In telecommunications, 4G is the fourth generation of cellular wireless standards. It is a successor to the 3G and 2G families of standards. In 2009, the ITU-R organization specified the IMT-Advanced (International Mobile Telecommunications Advanced) requirements for 4G standards, setting peak speed requirements for 4G service at 100 Mbit/s for high mobility communication (such as from trains and cars) and 1 Gbit/s for low mobility communication (such as pedestrians and stationary users).

A 4G system is expected to provide a comprehensive and secure all-IP based mobile broadband solution to laptop computer wireless modems, smartphones, and other mobile devices. Facilities such as ultra-broadband Internet access, IP telephony, gaming services, and streamed multimedia may be provided to users.

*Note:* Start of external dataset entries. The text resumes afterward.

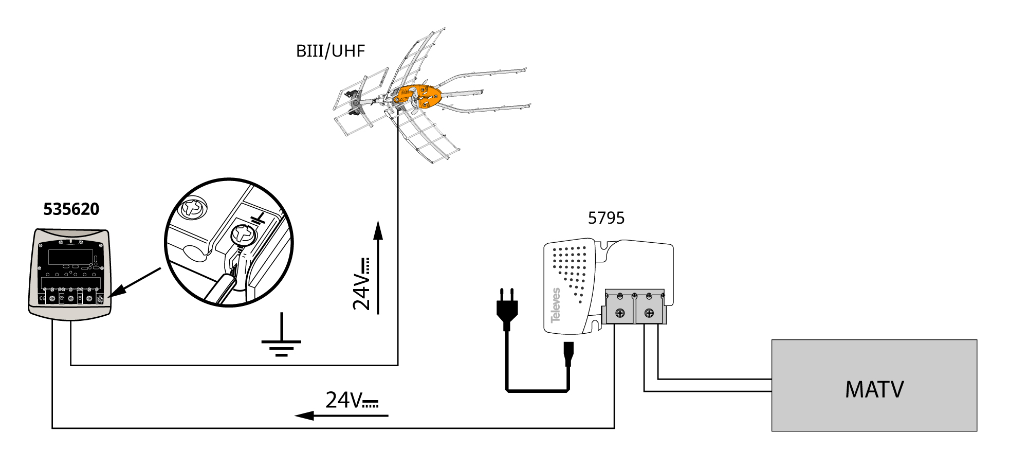 Possui 1 única entrada com amplificação em diversas bandas. O amplificador é alimentado a 24Vdc através do cabo coaxial de saída.
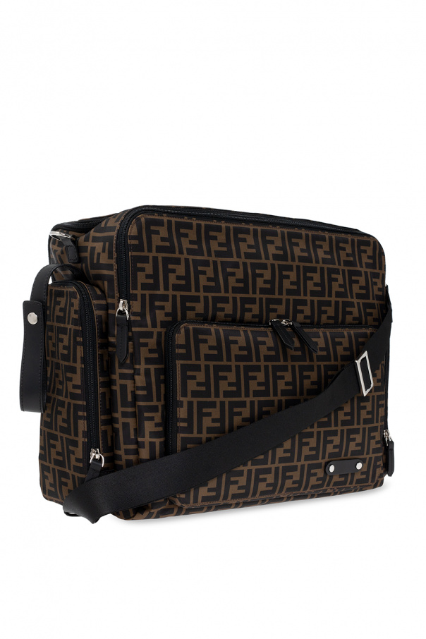 Brown and black changing bag from Fendi Kids. Embellished with a printed monogram, this design secures with a two-way zip and features multiple pockets, an adjustable shoulder strap, silver-tone metal hardware and an included a changing mat. This item can attached to a stroller.
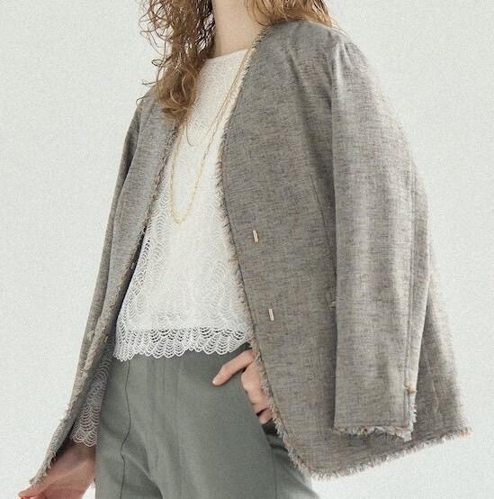 シンプルながらもフリンジ使いがアクセントとなり、洗練された印象を与えます。
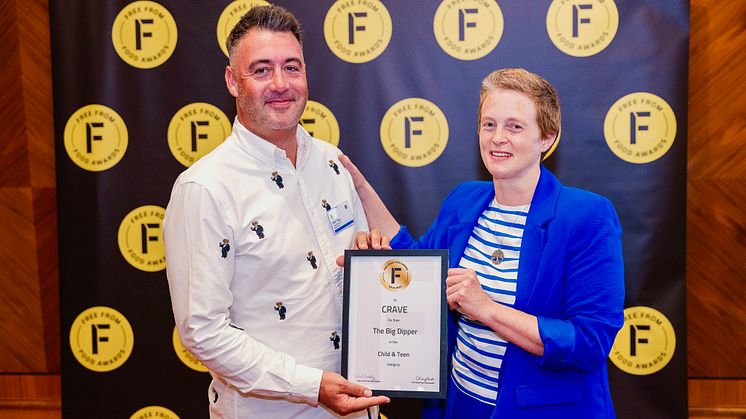 At the glamorous Free From Food Awards party in central London on Fri 21st June, those deliverers of disruption in the free from category, CRAVE, were crowned Free From Small Brand of the Year and their gluten and milk free snack, The Big Dipper, won the coveted title of Free From Food Product of the Year.
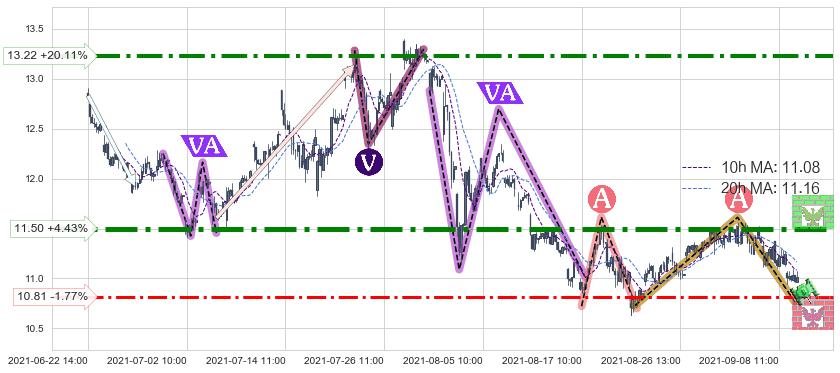 ♘ 阻力价格位13.22,可信任强度74.10%,距离最后交易2021-09-09 14:00形成的收盘价格11.01相差 +20.11%
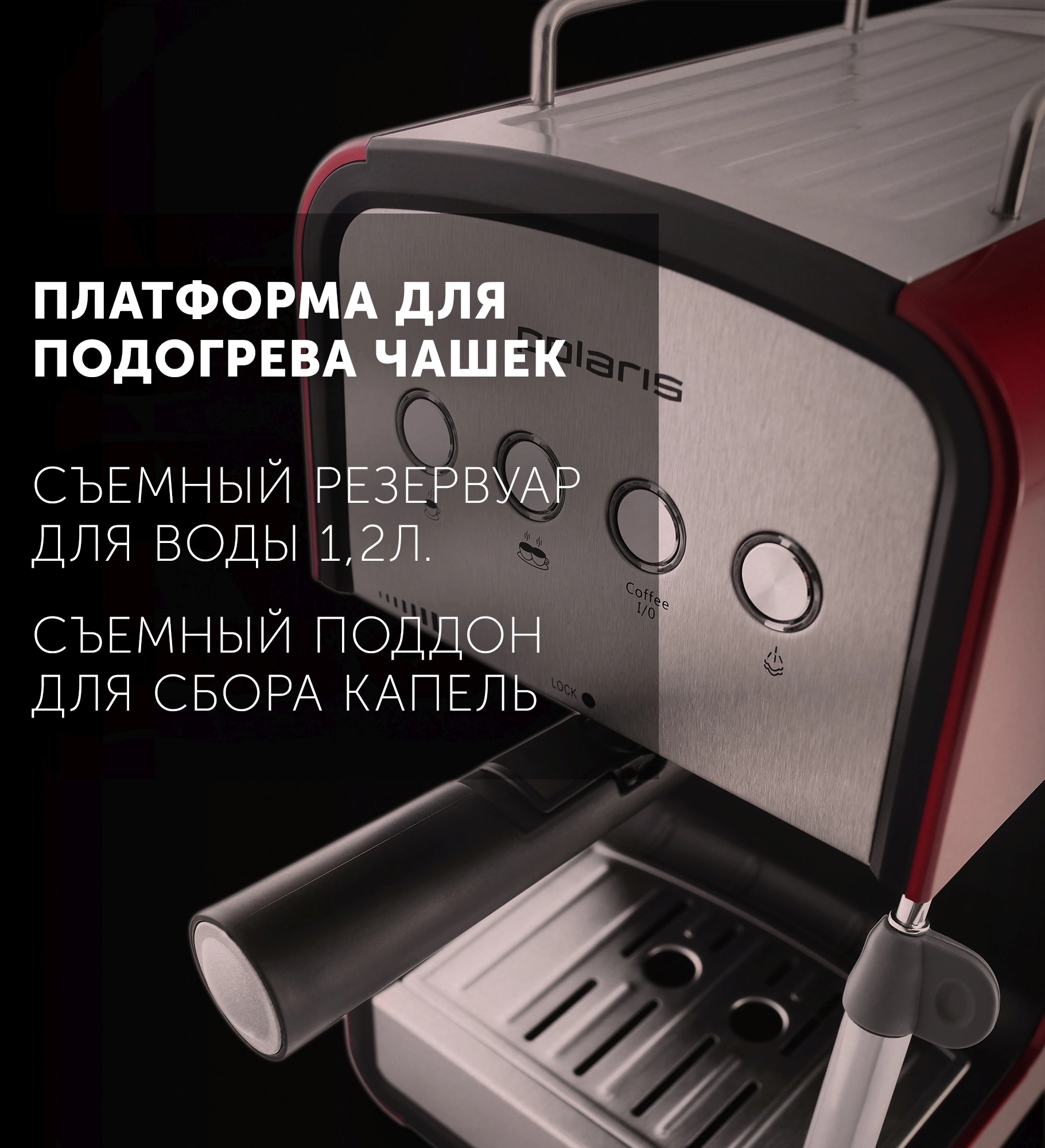 Кофеварка рожковая Polaris PCM 1516E Adore Crema 850Вт красный
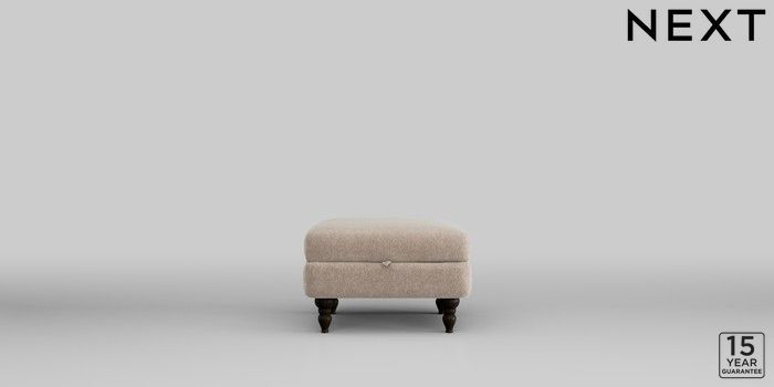 7.2.10 Mallory Storage Footstool Cotswold Chenille Light Natural High Turned - Dark | Made Click here to use our website with more accessibility support, for example screen readers
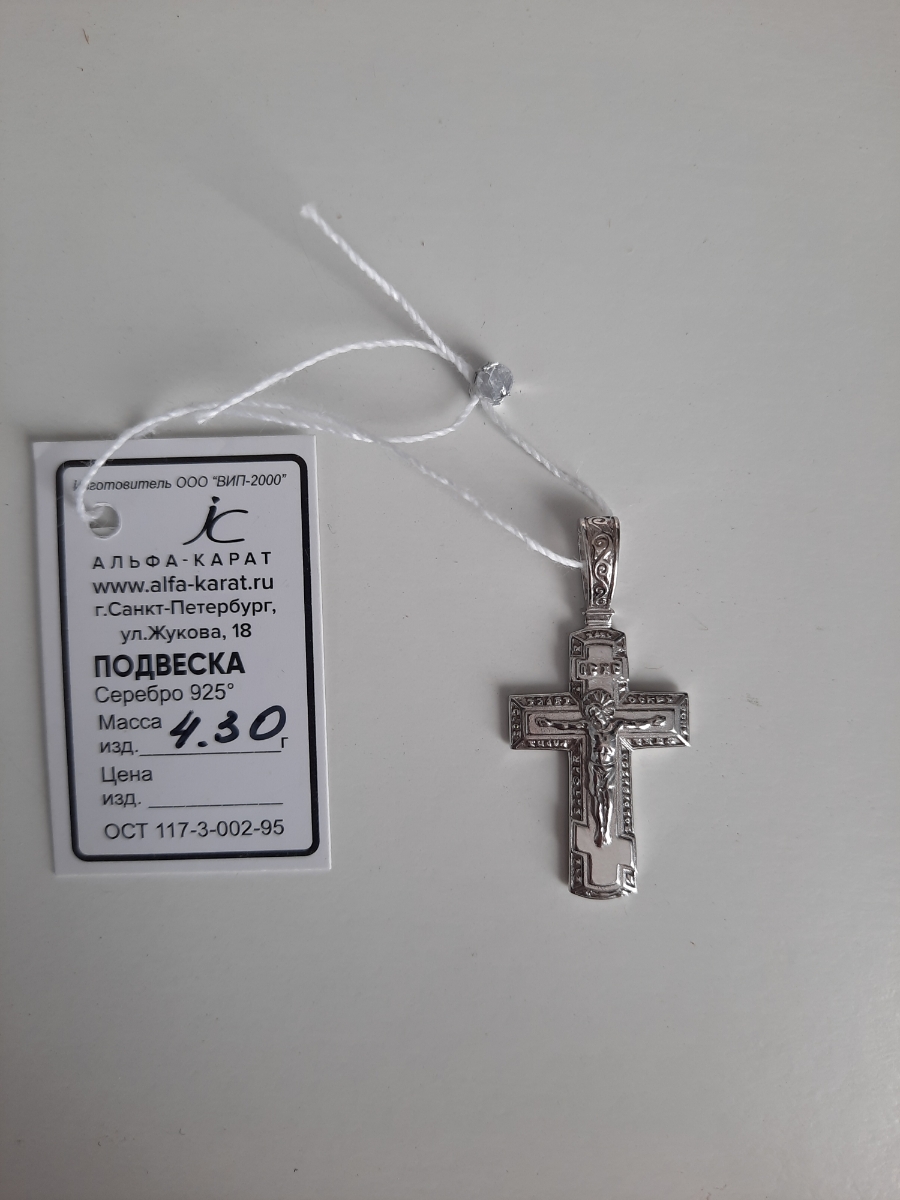 Ювелир Карат Крестик ювелирный серебряный, серебро 925
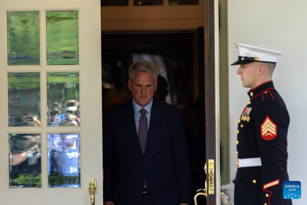 "We're the only ones to pass a plan," McCarthy said at a news conference earlier, referring to a bill passed by House Republicans in late April, which raises the debt limit by 1.5 trillion dollars or until March 31, whichever comes first, while reducing funding for federal agencies and limiting growth in government spending. The bill would also repeal some tax incentives for renewable energy, one of Biden's signature policies.
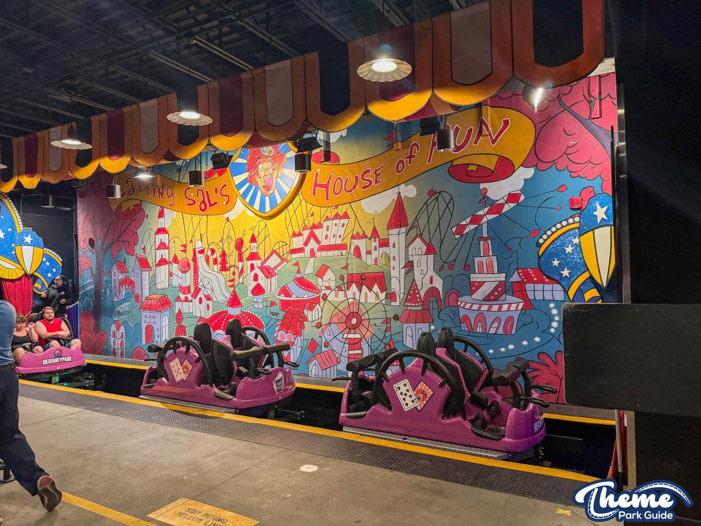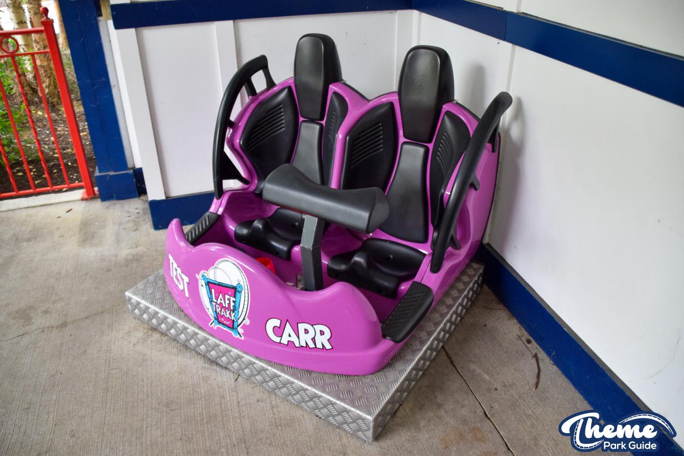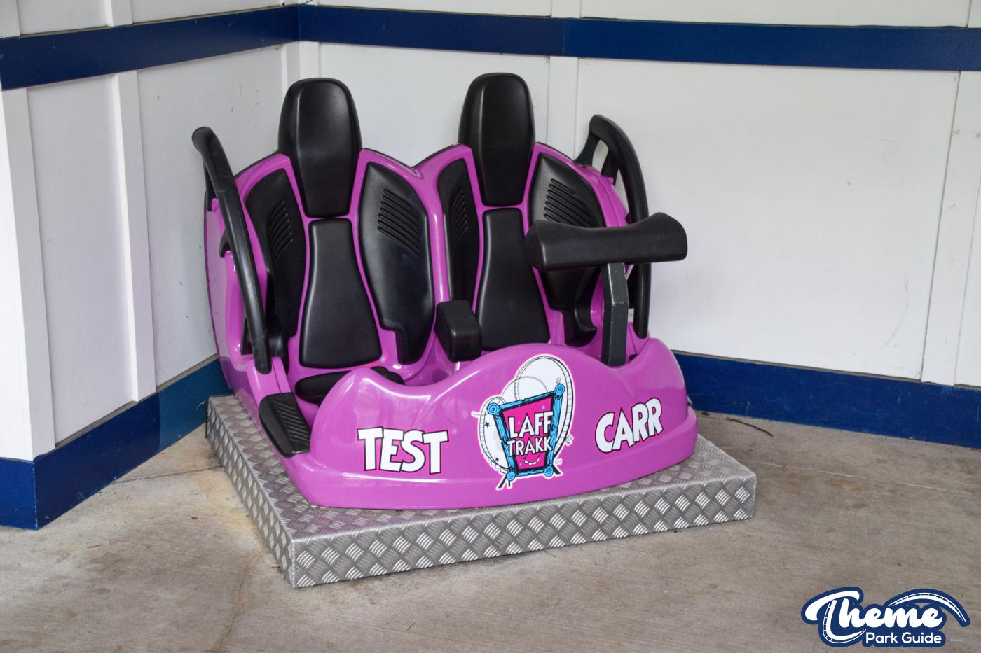 Laff Trakk is an indoor spinning coaster set inside a large funhouse-themed building. The ride takes place in the dark and uses neon lights, mirrors, and colorful patterns to create a playful atmosphere. Riders spin unpredictably while navigating small drops and turns, adding to the fun and confusion. Because it is indoors, Laff Trakk operates in most weather conditions. The air conditioning also makes it a popular ride on hot summer days. Its unique theme and spinning motion make it stand out from outdoor coasters.
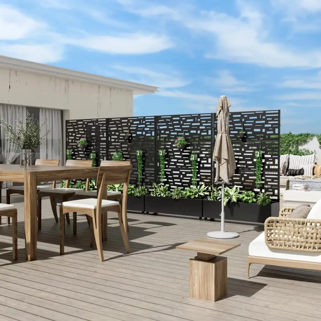Multi Functional Use Metal Planter Box Versatile design: This versatile metal planter box functions as an outdoor raised garden bed, a flower trellis, and a privacy screen, perfect for growing climbing plants, vegetables, and vines. It’s an ideal space-saving solution, while adding tasteful privacy to any patio, lawn & garden.
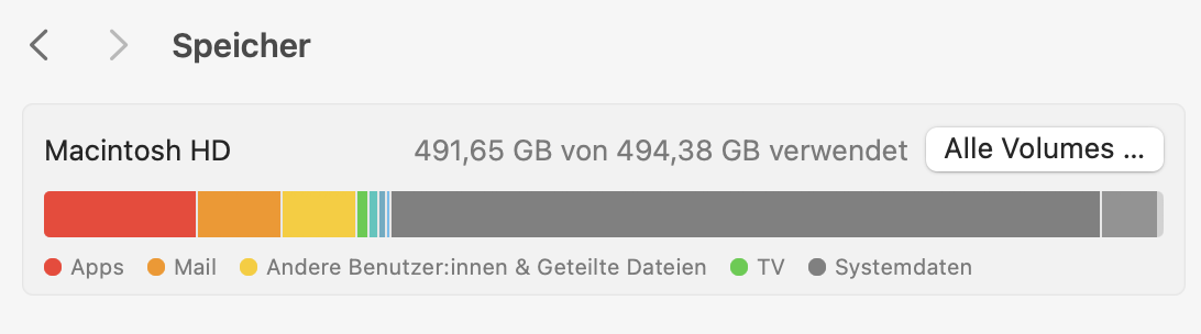 Ich bin beim verzweifeln. Ich habe auf meiner SSD 1.27 TB an "Systemdateien" die ich nicht finden kann. CleanMyMac findet nichts und auch diverse anderen Sachen wie Gehe zu Ordner oder denn wich den Library Ordner einblende find ich nichts. Ein Drüberisntallieren von Tahoe hat auch keine Abhilfe geschaffen.

IMT-Advanced compliant versions of LTE and WiMAX are under development and called "LTE Advanced" and "WirelessMAN-Advanced" respectively. ITU has decided that LTE Advanced and WirelessMAN-Advanced should be accorded the official designation of IMT-Advanced. On December 6, 2010, ITU recognized that current versions of LTE, WiMax and other evolved 3G technologies that do not fulfill "IMT-Advanced" requirements could nevertheless be considered "4G", provided they represent forerunners to IMT-Advanced and "a substantial level of improvement in performance and capabilities with respect to the initial third generation systems now deployed."

As seen below, in all suggestions for 4G, the CDMA spread spectrum radio technology used in 3G systems and IS-95 is abandoned and replaced by OFDMA and other frequency-domain equalization schemes. This is combined with MIMO (Multiple In Multiple Out), e.g., multiple antennas, dynamic channel allocation and channel-dependent scheduling.